# "Bow" Winner's Thread



## Chesters Daughter (Jan 25, 2019)

Thanks to Phil for such a versatile prompt that resulted in a wide range of different intentions. One poet, however, selected her meaning of choice, and made a beeline straight for the finish line. Please join us in some serious palm slamming to celebrate our winner, *PiP *for her superb winning entry, *The Fiddler*.

In addition to receiving this month's Laureate, PiP also has the coveted honor of selecting our next prompt.



Damn girl, you "played" that piece perfectly. Kudos for an well-deserved and well-earned win, Carole! Excellent work!


----------



## Pelwrath (Jan 25, 2019)

Heck PiP your poem is worth a second congrats.


----------



## clark (Jan 26, 2019)

PiP m'dear--a great little piece and a just victory! CON  :champagne:       GRATULATIONS!​


----------



## PiP (Jan 26, 2019)

Shucks... I feel embarrassed.  thanks guys. The poem was written from the heart based on personal experience.


----------



## Gumby (Jan 26, 2019)

It is a great poem, Carole! 



> The poem was written from the heart based on personal experience.

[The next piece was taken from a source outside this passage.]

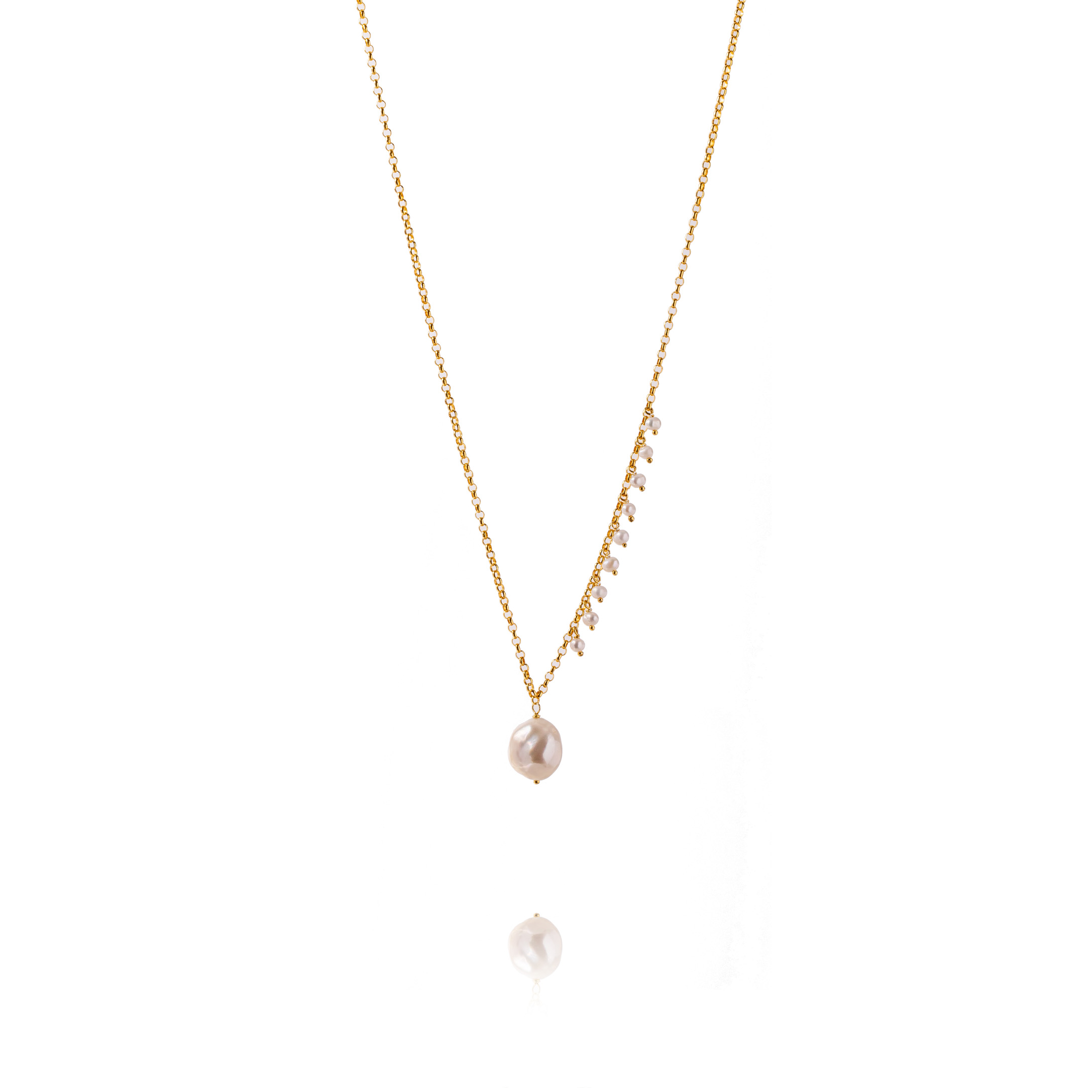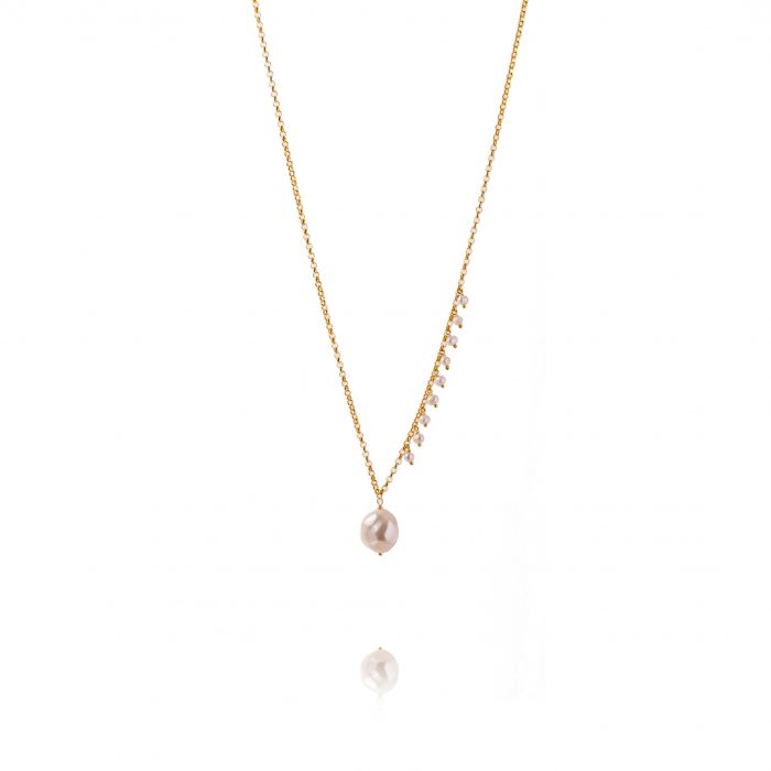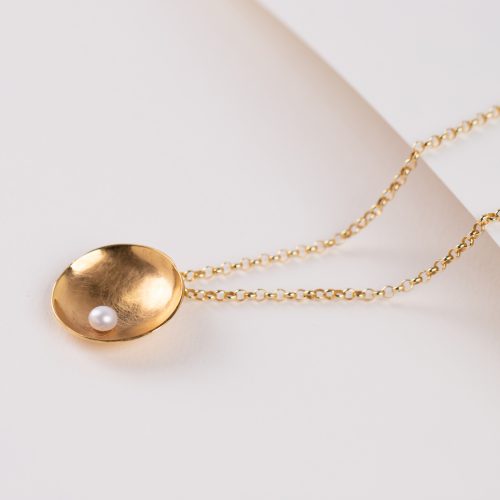 Fio de prata dourada e perola

The best ones so often are.


----------



## Firemajic (Jan 27, 2019)

Dear Miss PiP, congratulations on your stunning poem! You used the prompt brilliantly and your closing line is fierce!!


----------



## PiP (Jan 27, 2019)

Fierce like me?


----------



## Firemajic (Jan 27, 2019)

PiP said:


> Fierce like me?




Yeah!! JUST like you....


----------



## apple (Jan 27, 2019)

So good, PIP. Congratulations.


----------



## Phil Istine (Jan 29, 2019)

PiP said:


> Shucks... I feel embarrassed.  thanks guys. The poem was written from the heart based on personal experience.



Yes, I did wonder.
It was a strong poem, an enjoyable read, and a worthy winner.
Well scribed.


----------



## writersblock (Jan 29, 2019)

Very deserving winner. So simple, and concise yet so intense!


----------



## Theglasshouse (Jan 30, 2019)

Pip it reminded me of Joyce 's metaphor on a woman playing a character's heart on a harp. Which is a good thing.


----------